Cell culture in microchannels

Before seeding cells into the microchannels, channels were filled with 15 μL of above mentioned THP-1 culture media (the volume of each culture compartment was 1.5 μL, and the remaining media filled the input and output ports as shown in Figure 1B). The timeline for cell culture in microchannels is shown in Figure 1C. THP-1 cells were seeded at 6000 cells per channel, differentiated, and polarized based on methods established by Tjiu et al.; this protocol has been employed previously to yield M2 Tumor Associated Macrophages (TAMs).37 Specifically, the cells were seeded in the microchannel in the presence of 0.1 μg/ml phorbol-12-myristate-13-acetate (PMA, Sigma Aldrich) and cultured overnight. This process facilitates cell adhesion and differentiation to M0 macrophages. Once adhesion was confirmed, the cells were cultured with 0.1 μg/mL interleu-kin-4, interleukin-13, and PMA for another 24 hours.37 After differentiation, the macrophages were allowed to rest two days in original THP-1 media detailed above. After maturation, the other chamber of this device was coated with 10% fibronectin (Sigma Aldrich) in PBS for one hour in a 37 °C. The chamber was then washed with PBS two times and a mixture of 2400 NHDFs and 600 HUVECs was seeded (without the addition of exogenous extracellular matrix components) based on previous studies.16,38 All cell types were maintained in EGM - 2 Bulletkit (Lonza) with an additional 10% FBS. Where indicated, cells were treated with a selective MMP12 inhibitor (CAS 1258003-93-8, Millipore) and/or MMP12 protein (Sigma Aldrich, catalytic domain human, recombinant, expressed in E. coli, 50 ng/mL), which was added in the cell culture media and applied to both culture channels at the time of the first media change 20 h after cell seeding (and freshly added to media on subsequent days during daily media changes). The triculture continued for 3 days, with daily media changes, before immunocytochemistry.

Note concerning experimental design used for controls: In the macrophage-only culture, we included media in the other channel that normally contains HUVECs + NHDFs. Similarly, in the coculture condition, we seeded HUVECs + NHDFs into one channel and added only media in the other channel. We treated the ‘empty’ channel containing only media in both of these cases exactly as if cells were present (for example, in the case of the ‘empty’ channel normally containing macrophages, the channel was treated with the same differentiation/polarization reagents and media was exchanged prior to seeding HUVECs + NHDFs).

Immunocytochemistry (ICC)

Cells were fixed and then stained through standard ICC staining procedures. Specifically, each channel was first washed with PBS at 37 °C three times (each time of operation, the entire volume of the channel was aspirated by vacuum and then refilled with PBS). Then the PBS was removed and replaced by 37 °C 4% paraformaldehyde (diluted from 16% PFA, EM Grade, VMR). The devices with PFA were then incubated for 20 minutes. After incubation, the devices were washed with PBS three times. After aspirating PBS from the channels, 0.2% Triton-X-100 (diluted in PBS) was added to the channels. The channels were then left in room temperature for 10 minutes. Triton-X-100 was replaced by 10% FBS in PBS blocking buffer. With the buffer in the channels, the microfluidic devices were left overnight at 4 °C.

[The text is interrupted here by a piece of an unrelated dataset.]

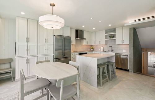Feel like a professional chef in the kitchen when you use the new Monogram premium-grade appliances to whip up a meal. Enjoy the customized storage solutions, leaving the counters clear. Dine at the table or the kitchen island, both serving ocean views.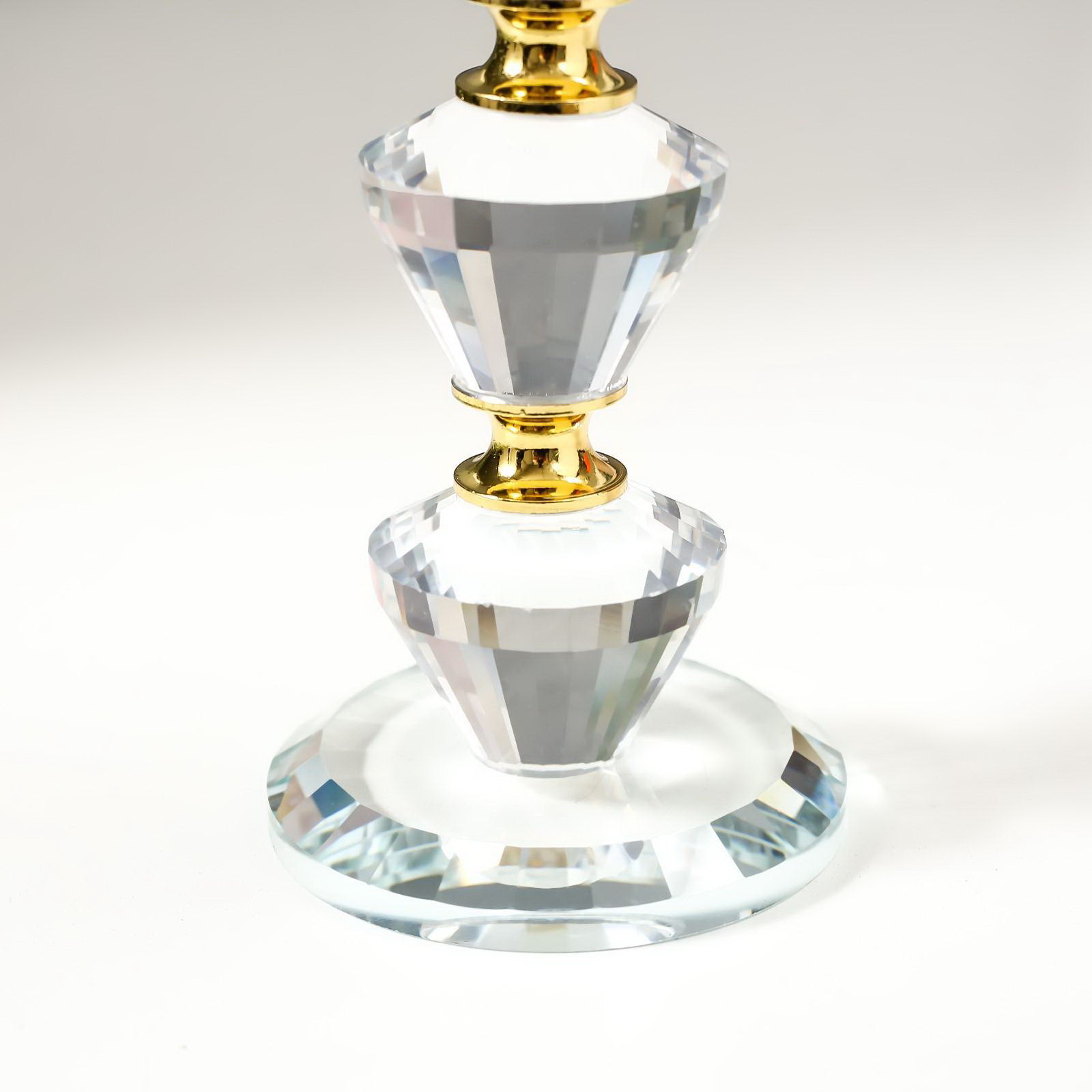 Стеклянный подсвечник на 1 свечу "Золотые камешки", ножка с кристаллами, 21x7.5x7.5 см, 7.5x7.5x21 см., Китай

CD-31 primary antibody (mouse anti human CD-31, MCA1738, AbD Serotec) was diluted in the above mentioned FBS blocking buffer (with 1:50 dilution) and applied to the channels to replace the blocking buffer within 16 h of time. With the primary antibody in the channel, the devices were put into 37 °C incubator for 1 h. The channels were then washed with 2% Triton-X-100 three times. Goat antimouse secondary antibody (green, 488 nm) and DAPI were diluted 1:400 and applied to the channels. The devices were then incubated at room temperature for 1 h, protected from light. Finally, the secondary was washed two times with PBS and replaced by mounting medium (Vectashield).

Quantification of soluble factors

Conditioned media was removed from microchannels at the end of the culture period and stored at −80 °C prior to analysis. Soluble factor levels (presented in Figure 2) were analyzed with Milliplex Map Human Angiogenesis/Growth Factor Magnetic Bead Panel 1 and Milliplex Map Human MMP Panel 1 Magnetic Bead Kits (Millipore). Specifically, media from four replicate channels was collected and mixed together as one sample. Samples were analyzed from three independent experiments (Figure 2B–G) or four independent experiments (Figure 2A). Data were analyzed using Milliplex Analyst v5.1 using a four parameter logistic curve. Factors reported in Figure 2 showed quality controls within the expected range (as indicated by the manufacturer) and levels of soluble factors measured were within the quantifiable region of the standard curve (as determined using Milliplex Analyst v5.1 software); other factors from the panel that did not meet these criteria were not reported.

Figure 2.

Figure 2

Quantification of soluble factors in different microenvironmental conditions: macrophage monoculture, coculture (mixture of fibroblasts and endothelial cells), and triculture (mixture of fibroblasts and endothelial cells in soluble factor communication with macrophages). Error bars represent the standard error of the mean (SEM) of three independents experiments. Repeated measures Analysis of Variance (ANOVA) indicated significant differences within culture conditions for each factor (p<0.05); p-values are indicated for Tukey’s posthoc tests as follows: * p≤0.05, ** p≤0.01, *** p≤0.001, **** p≤0.0001.

Image processing

Images were acquired using a Nikon Eclipse fluorescence microscope and processed with ImageJ. First, pictures were converted to 8 bit. A POV was then selected for each picture (398×926 pix), which covers >90% of entire view of each channel. The POV was then cropped using ImageJ. The images of CD31 and DAPI staining were then overlaid through image-J (image - color merge channels). CD31 images were set to be green and DAPI images were set to be blue. After merging the green and blue images, the green color balance of all images was post polished modified through ImageJ (image - adjust - color balance); maximum intensity of all images was adjusted down to 152 rather than the full 255.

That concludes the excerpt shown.